2. failing to ensure 25 of 25 clean surgical attire sets (pants and tops) were covered in the dressing lounges and failing to ensure 30 of 30 sterile surgical supplies (suture boxes), located outside of a designated storage area and stored on an open wire cart in the surgical semi-restricted hallway, were stored in a closed cabinet or a covered cart.

On 05/05/25 at 11:30 a.m. an observation of the clean surgical attire storage area in the dressing rooms (locker rooms) showed the clean surgical attire was being stored uncovered on a clothes rack with no visible covering in place. Another observation revealed the sterile suture boxes, located in the semi- restricted hallway on a wire cart, had no visible covering in place.

A review of the AORN Guidelines for Perioperative Practice 2021 edition: Guideline for Surgical Attire read in part, "Store laundered surgical attire in enclosed (e.g., covered) carts, cabinets, or dispensing machines. Storing clean surgical attire uncovered in a facility locker, or locker room, or in a location with personal items from outside the facility, may contaminate the clean surgical attire."

A review of the AORN Guidelines for Perioperative Practice 2021 edition: Guideline for Sterilization read in part, "Store sterile items in a controlled environment. Limit exposure to dust, direct sunlight, handling, and temperature and humidity variances. Events that compromise the sterility of a sterile item include in part: air movement, humidity, temperature, location of storage, dust, multiple handling that leads to seal breakage, loss of package integrity (e.g., yellowing, holes, tears), moisture penetration (e.g., wet package), exposure to airborne contaminates (e.g., storing on open shelves in hallways). Controlled conditions reduce the risk of contaminating sterile items. Sterile items outside a designated sterile storage room should be stored in closed cabinets or covered carts."

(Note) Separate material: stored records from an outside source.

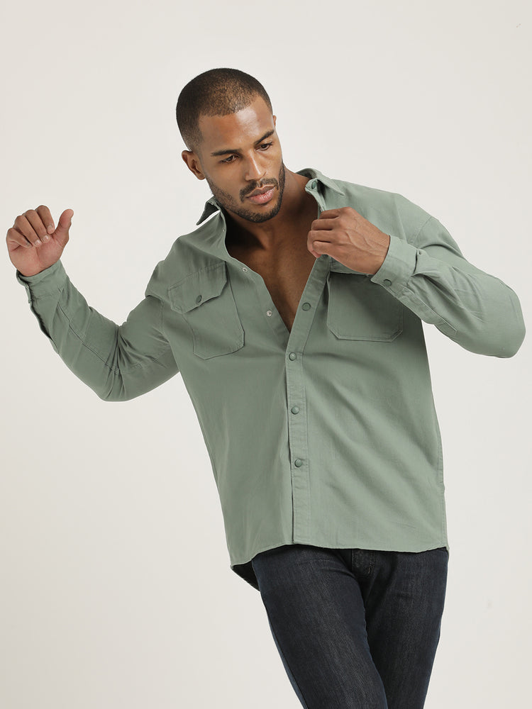 Casual Fit Cotton Shirt with Double Pockets Lt Green
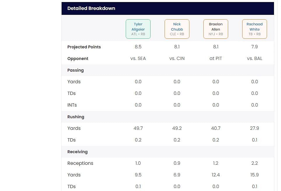 Chubb and White have previously been elite fantasy football running backs, while Allen is one of the most promising rookie prospects. Allgeier has superior projections to all of them in Week 7. He is expected to record the most rushing yards of the group, while also being among the most likely to score a touchdown.
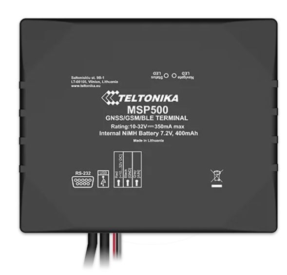 FeaturesRS232 is an industry standard for serial communication Integrated buzzer External voltage range Allows the device to operate without an external power source Allows the device to limit the vehicle speed Bluetooth for exchanging data over short distances Scope of deliveryTeltonika MSP500 Tracker Manual Technical data see data sheet!!
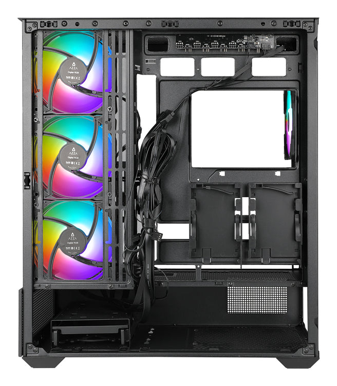 The Tiara combined with glass and mesh hole panel design, presents a succinct appearance and wonderful heat dissipation at once. It includes 3 x 120 mm ARGB side fans and 1 x 120 mm ARGB rear fan, as well as a VGA support bar.
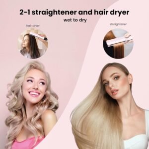 2-in-1 Hair Straightener and Blow Dryer, Professional Hair Styling Tool, Pink
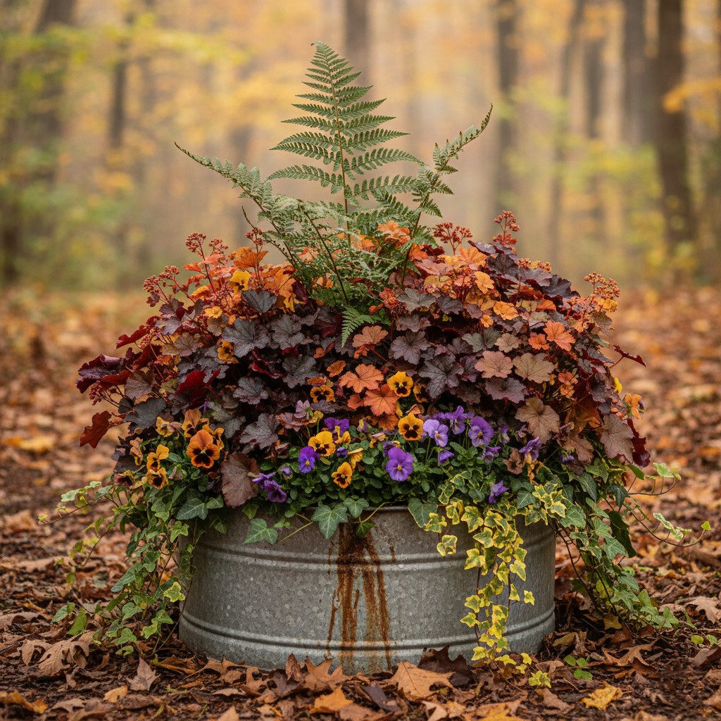 Plants: Autumn fern (switches beautifully to fall tones), Heuchera (coral bells—choose oranges or reds), Autumn pansies, Ivy, Creeping Jenny (turns golden-bronze in cool temps)
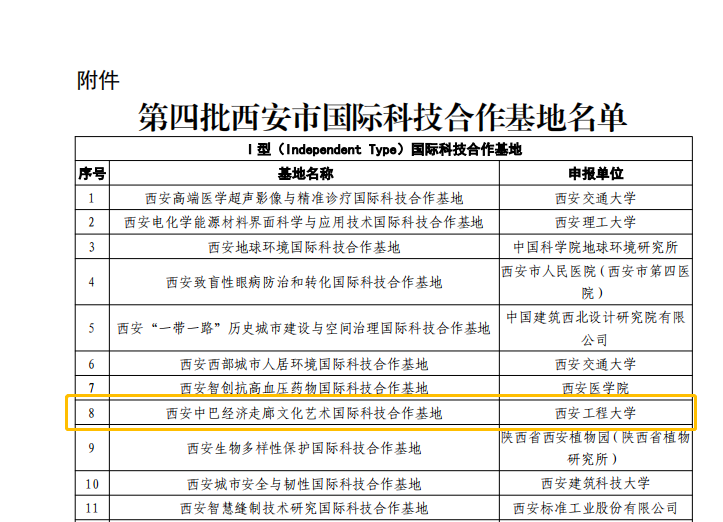 日前,西安市科学技术局(外国专家局)公布了第四批西安市国际科技合作基地认定名单,best365官网成功获批“西安中巴经济走廊文化艺术国际科技合作基地”。
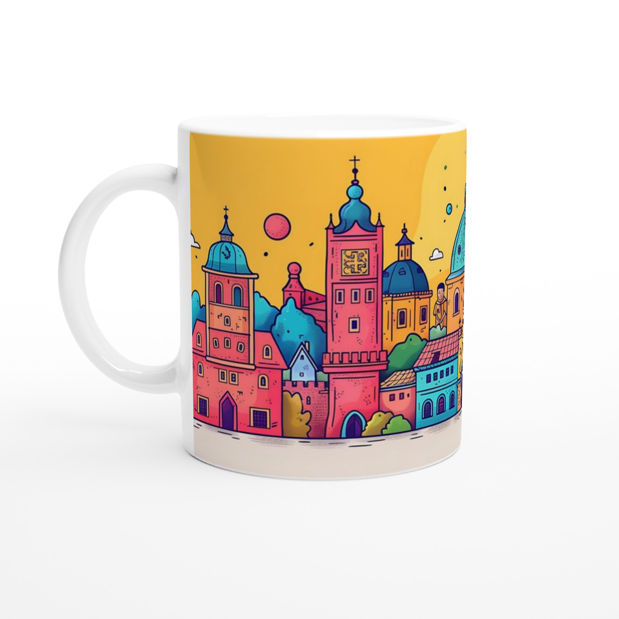 Inspirerad av fantasifulla sagostäder, bjuder denna mugg in till en värld av glädje och färg med varje klunk. Den blanka vita ytan ger ett skarpt och levande tryck som verkligen sticker ut, oavsett om det är en personlig design, ett roligt citat eller en present till någon du tycker om.
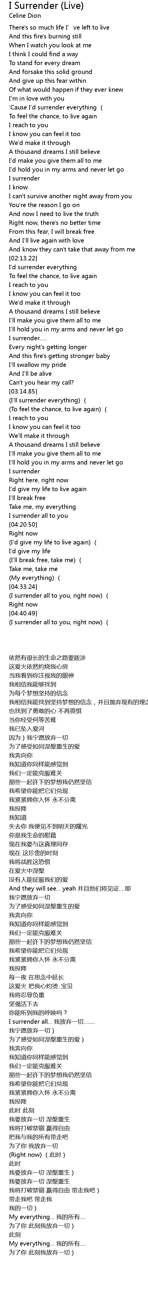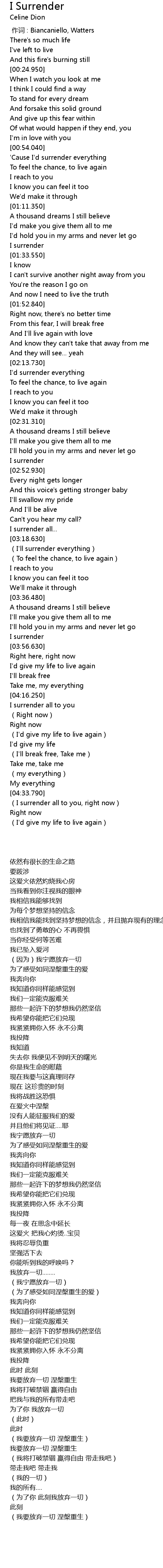 Celine Dion - I Surrender - with lyrics, Celine Dion- I surrender -w/lyrics Thank you for viewing my video!! NO COPYRIGHT INFRINGEMENT INTENDED!!! I purchased . We Have got 6 pics about I Surrender Lyrics Celine Dion images, photos, pictures, backgrounds, and more. In such page, we additionally have number of images out there. Such as png, jpg, animated gifs, pic art, symbol, blackandwhite, pic, etc. "Celine Dion - I surrender (lyrics)", This song is not my property, im simply making this video just for you to listen to it. The beautiful song, I surrender from Celine Dion . "Celine Dion I Surrender with lyrics", http://www.facebook.com/profile.php?id=100001465232438&ref=ffa...
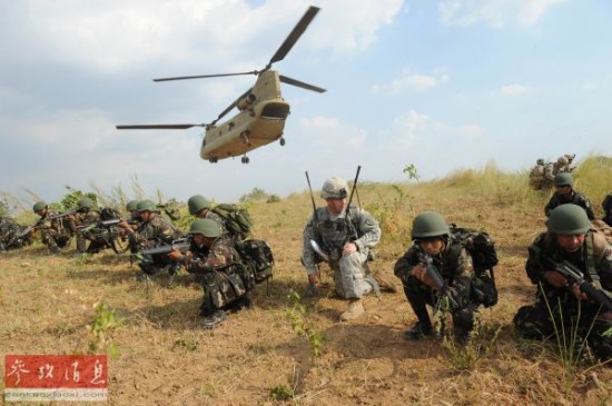 美菲两国军人20日开始在马尼拉北部一处训练基地进行机降演习(法新社)
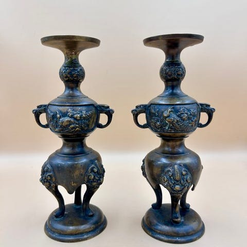 Exceptionel flot Buddhistisk symbolik ægte tinvase, Lysestage, alm. krone lys. *Samlerobjekt*
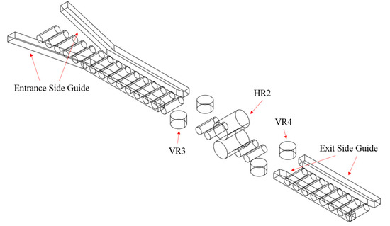 Although the entrance and exit side guides had been widely applied between roughing stands, there have been very few papers or literature examining the mechanism of side guides in correcting the slab curvature. Among the very few available papers, only the work of Byon et al. [13] focused on the design of guiding rollers, which were arranged on the inner flank of the side guides. Looking at the layout of the roughing mill in Figure 1, it is straightforward to think that the mechanism of correcting the slab curvature could not be realized by the side guides alone. The horizontal rolls and the edging rolls also simultaneously play a certain role in the correction mechanism. Therefore, this work was focused on the analysis of the mechanism of the side guides and the associated roughing mill components, which participate in correcting the camber of the slab during the roughing process. Only position-mode side guide was taken into account in this research.
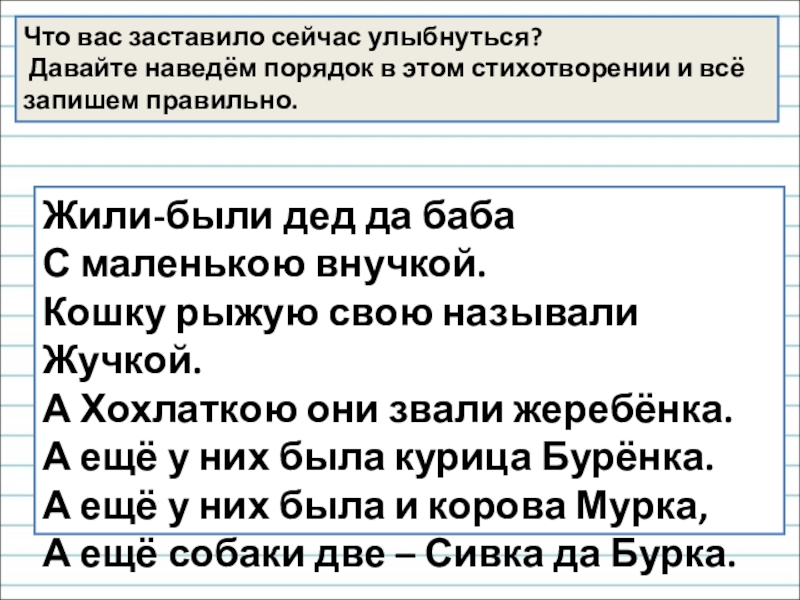 Давайте наведём порядок в этом стихотворении и всё запишем правильно.
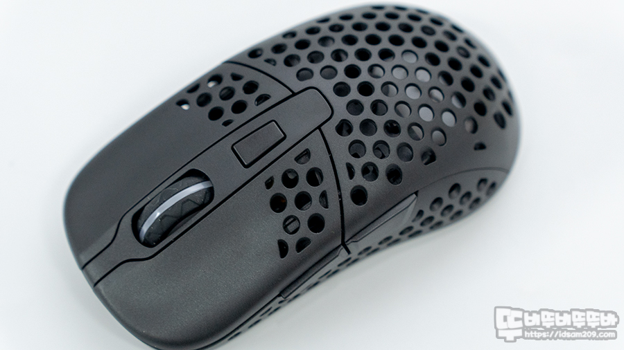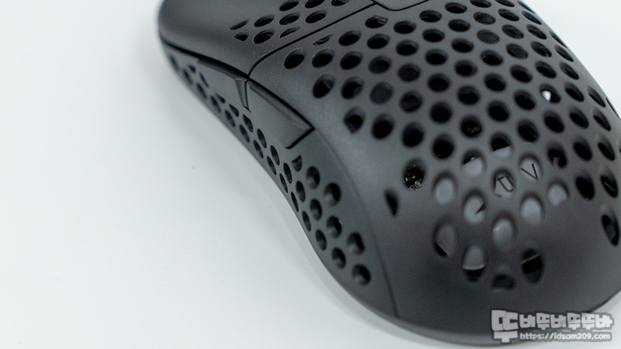 대칭형 디자인이며 사이드 버튼이 마우스 왼쪽에 위치한 전형적인 오른손 전용 마우스임을 확인할 수 있으며 버튼 끝부분이 일반적인 마우스보다 낮게 설계되었으며 약간의 클릭 압이 있는 Kailh GM 8.0 마이크로 스위치를 사용했음에도 연속 클릭 시 손가락이 편안한 편입니다.

A review of the hospital policy titled "Sterile Supplies," dated 04/2024, read in part, "Sterile stock ... is stored in an environment that maintains the integrity of the sterile stock."

On 05/05/25 at 11:45 a.m. Staff E stated they were not aware that clean surgical attire had to be covered or contained in a closed or covered cabinet in the dressing lounges. Staff E further stated they were not aware of the guideline to cover sterile items when they were removed from a (designated) sterile room and stored in a hallway. They stated their policy on sterile packaging and sterile supplies were more general in nature.